Tuesday, March 24, 2009

Why we need a thread-safe publish/subscribe event system

Publish-subscribe event systems are a fairly common design pattern in modern computing. The concept becomes increasingly powerful in distributed systems where many nodes can subscribe to an event or topic emitted from a single node. The name publish-subscribe, or pub-sub, is used because it has a tight analogue in the real world. People with magazine or newspaper subscriptions receive updates when something is published. Because of this analogue, developers are more easily able to reason about events and why they occurred in complex software systems. In any given software system, some code will need to react to one or more events. These events can range from anything as simple as a mouse click to a complete database failure. The publish-subscribe pattern is infinitely extensible because any number of observers may subscribe to a single event. Subscriptions can also be canceled to as to offer architectural scalability in both directions; up and down. One bottleneck in a publish-subscribe framework can occur while the publishing object needs to wait until all subscribers have finished reacting to the event. In some cases, this is unavoidable such as when the publisher is expecting a value to be returned from one of the subscribers. In other cases, however, the publisher doesn't care about the subscribers or how they react to a published event. In a localized publish-subscribe system, that is, not a distributed publish-subscribe system, we could use threads for subscribers. If we were to build and use a framework such as this, where subscriptions react to events in separate threads of control, we would also need the ability to turn threading off and use the framework in the same way and have it still be functional. This is because threading is simply not an option in every scenario.
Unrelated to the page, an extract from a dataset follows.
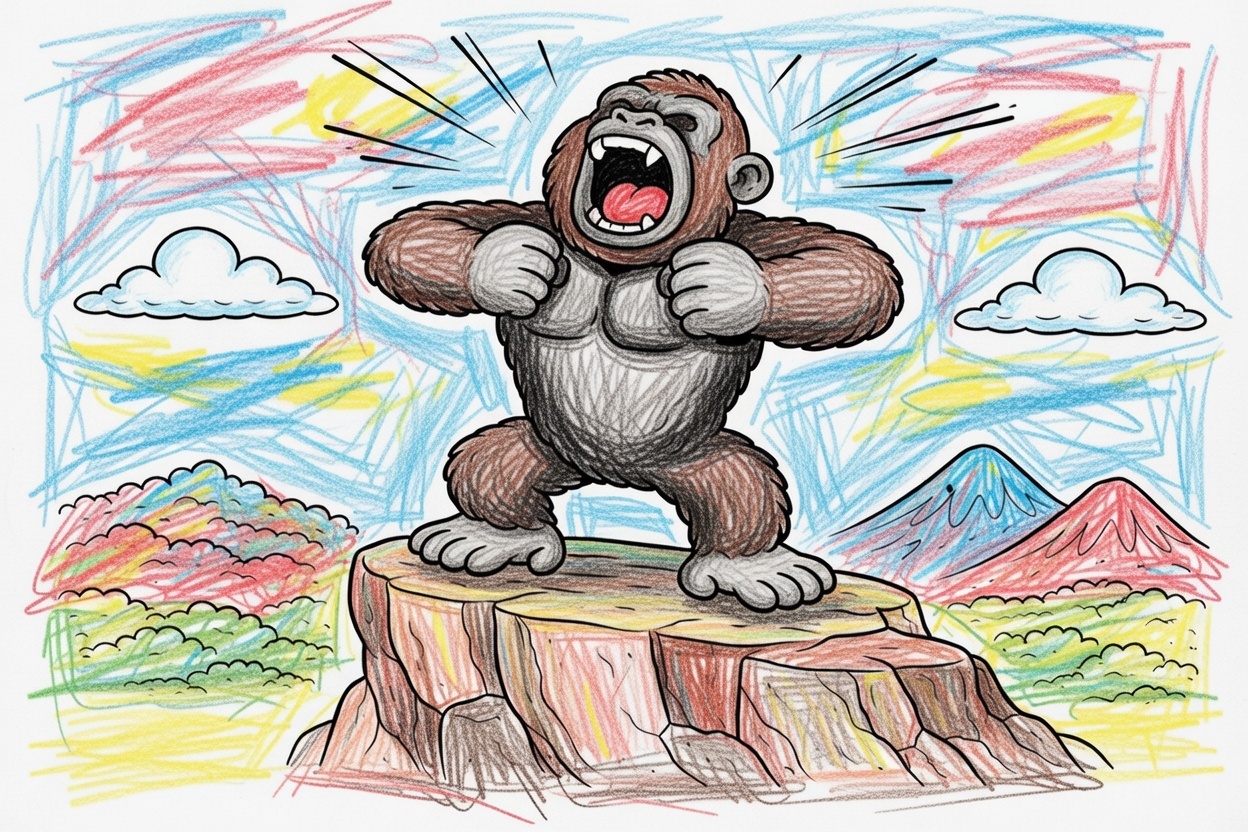 Printable coloring page for kids and toddlers showing a strong gorilla standing on a cliff and beating its chest. Big shapes and bold outlines make it easy and safe for preschool coloring.

The boduch Python library offers a publish-subscribe event system such as this. The library is still in it's infancy but has the ability to run subscription event handles in new threads on control. The threading capability can also be switched on and off. The same code using the library can be run in either mode. Events are declared by specializing a base "Event" class. Likewise, event handles, or subscriptions, are declared by specializing a base "Handle" class. Developers can then subscribe to an event by passing an event class and a handle class to the subscribe function. Multiple handles may be listening to a given event type and if running in threaded mode, each handle will start a new thread of control. There are limits on the number of threads that are allowed to be run at a given time but this can be adjusted either manually or pragmatically. When running in threaded mode, or non-threaded mode for that matter, published events may be specified as atomic. This really only as an effect when the event system is running in threaded mode because it forces all handles for that particular event to run in the publisher's thread. When running in non-threaded mode, atomic publications are idempotent.

As mentioned earlier, there are several limitations to the boduch library since it is still in its infancy as a project. For instance, there is no way to specify a filter for event subscriptions. Subscribers may want to react to event types based on data contained within the event instance. In turn, there is no way to tack the source object that emitted the event. Finally, there is no real guarantee that proper ordering will be preserved when running in threaded mode. However, this can be worked-around. I haven't actually encountered a scenario where the ordering of instructions have been defective when running in threaded mode. This doesn't mean it is possible. I actually hope I do some day so I can incorporate more built in safety in the library.